Teachers in Pueblo, Colorado, are striking for higher wages and better health insurance. But even after the district offered them what they said they wanted, the strike continues. (Image source: YouTube video screenshot)

Teachers in Pueblo, Colorado, are striking for a higher salary and better health care coverage. Even after the district offered them what they said they wanted, the strike continues, NBC News reported.

The strike began earlier in the week, keeping thousands of Pueblo students out of class while their teachers followed the example of those in West Virginia, Oklahoma, Kentucky, and Arizona before them.

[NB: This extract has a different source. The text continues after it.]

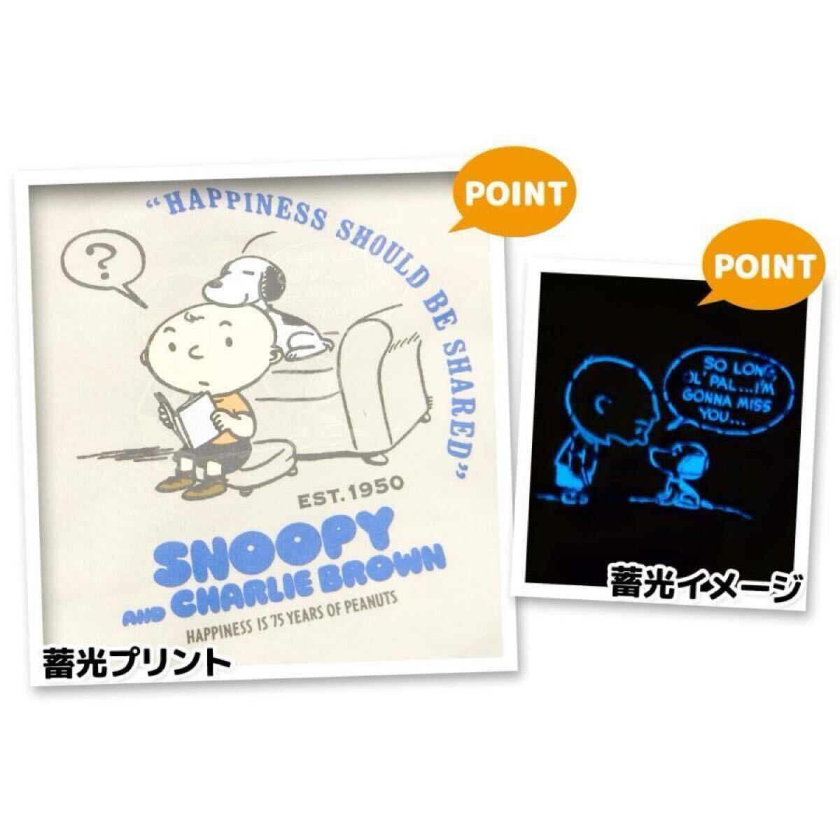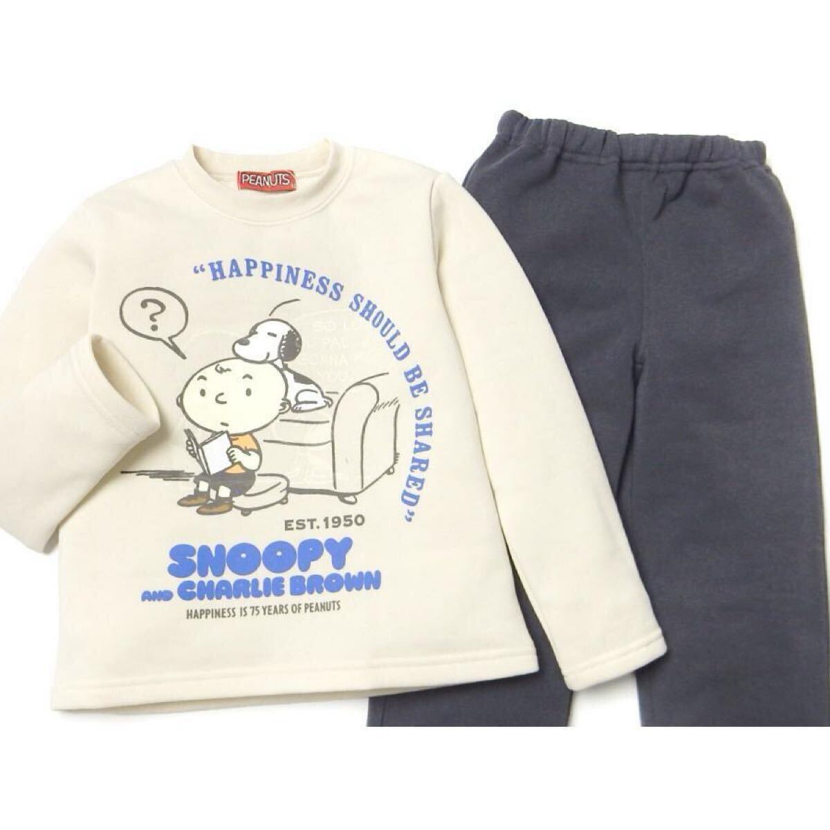新品63554 スヌーピー&チャーリーブラウン 100cm ベージュ蓄光長袖裏起毛パジャマ光るパジャマ かぶり裏シャギーパジャマ秋冬ルームウエア
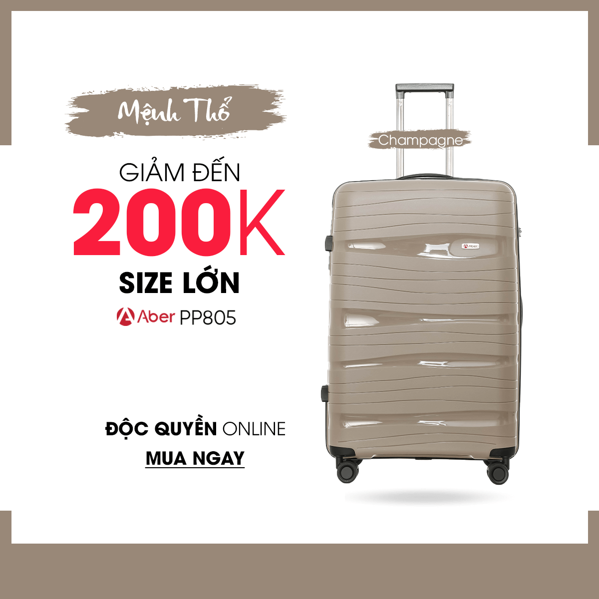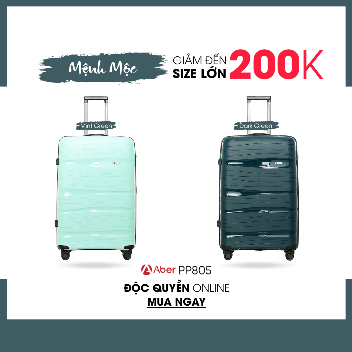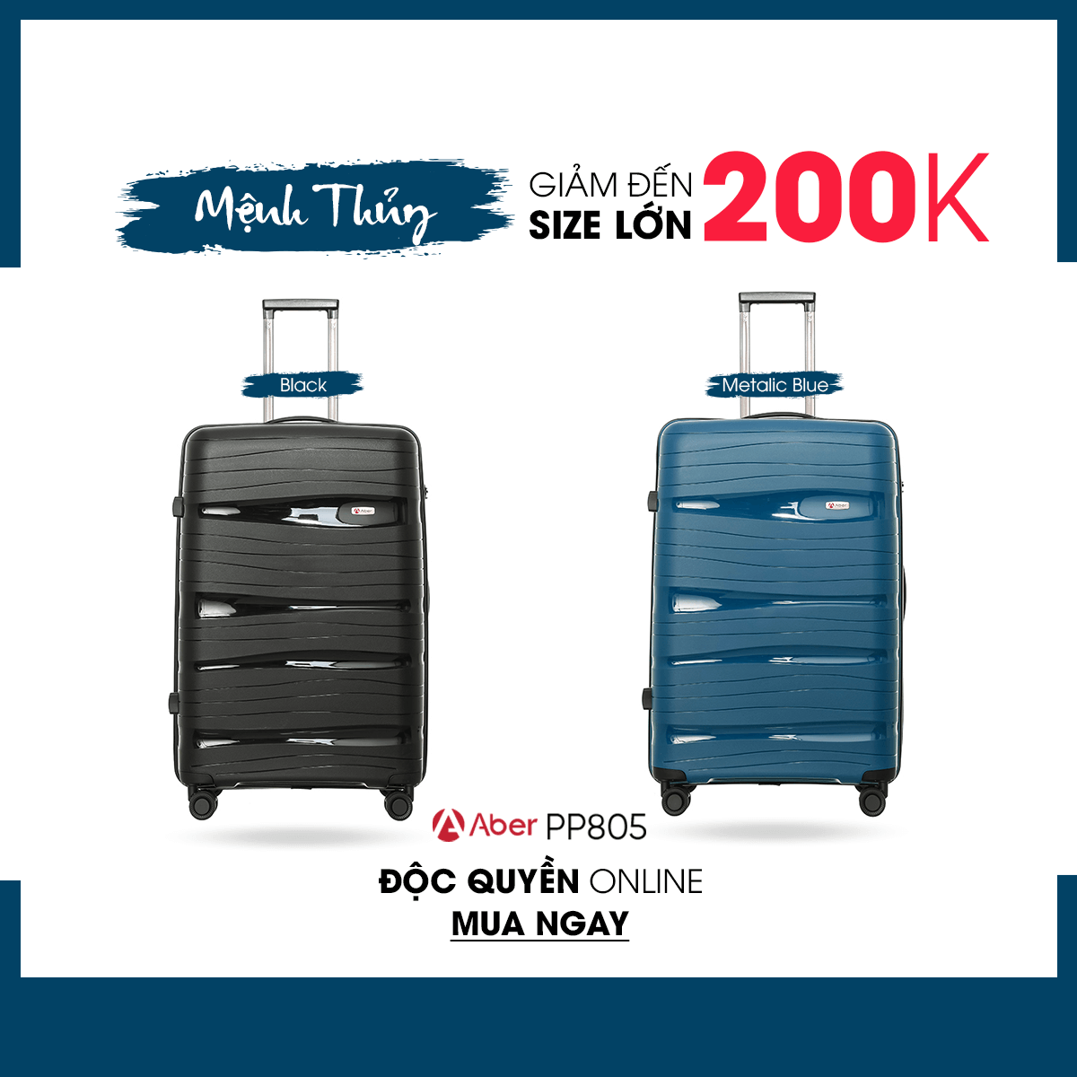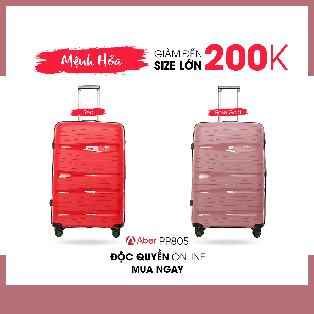 Sản phẩm vali PP805 mới ra mắt với 8 gam màu nổi bật, giúp bạn thoải mái lựa chọn theo mệnh, theo sở thích,...Hiện sản phẩm đang có chương trình khuyến mãi giảm giá 50% cho cả 3 size chỉ từ 1.190K. Riêng đối với size 24 giảm thêm 100K, và size 28 giảm thêm 200K. Chương trình chỉ áp dụng đối với hình thức online, tuy nhiên khi mua sản phẩm bạn sẽ được ưu đãi miễn phí ship.

"Pueblo schools are under attack. What do we do? Fight back," teachers chanted outside the district administration building, according to the Denver Post. "Get up, get down, Pueblo is a union town!"

What do the teachers want?

The teachers have asked for a 2 percent cost-of-living raise and an extra $30 per month toward their health insurance. Their request was rejected by the school board, which said it could not afford the raise.

"Nobody disputes that all teachers deserve more," Pueblo School District communications director Dalton Sprouse told NBC. But Sprouse said the district is "not in a condition that we can fund" the raises.

Despite that, the district reportedly offered teachers a package of:

  • $1,000 bonuses this year;
  • Cost-of-living raises next year; and
  • $50 per month toward health insurance starting in September 2018.

However, that wasn't enough to end the strike.

Pueblo teachers make an average of $47,617 annually. While that's below the state and national averages, it means the deal they have been offered would give them more than a 2 percent bonus this year, an actual cost-of-living raise next year, and more than they asked for toward health insurance.

Some teachers have said the strike is about more than salary and health insurance, referring to the poor condition of textbooks or a lack of school supplies. But the demands they are making for additional school funding are not clear.

"I got into teaching because I understand its value to society," East High School teacher Michael Lonsberry told the Denver Post. "You can't have a solid chance at a successful, productive and satisfying life without education."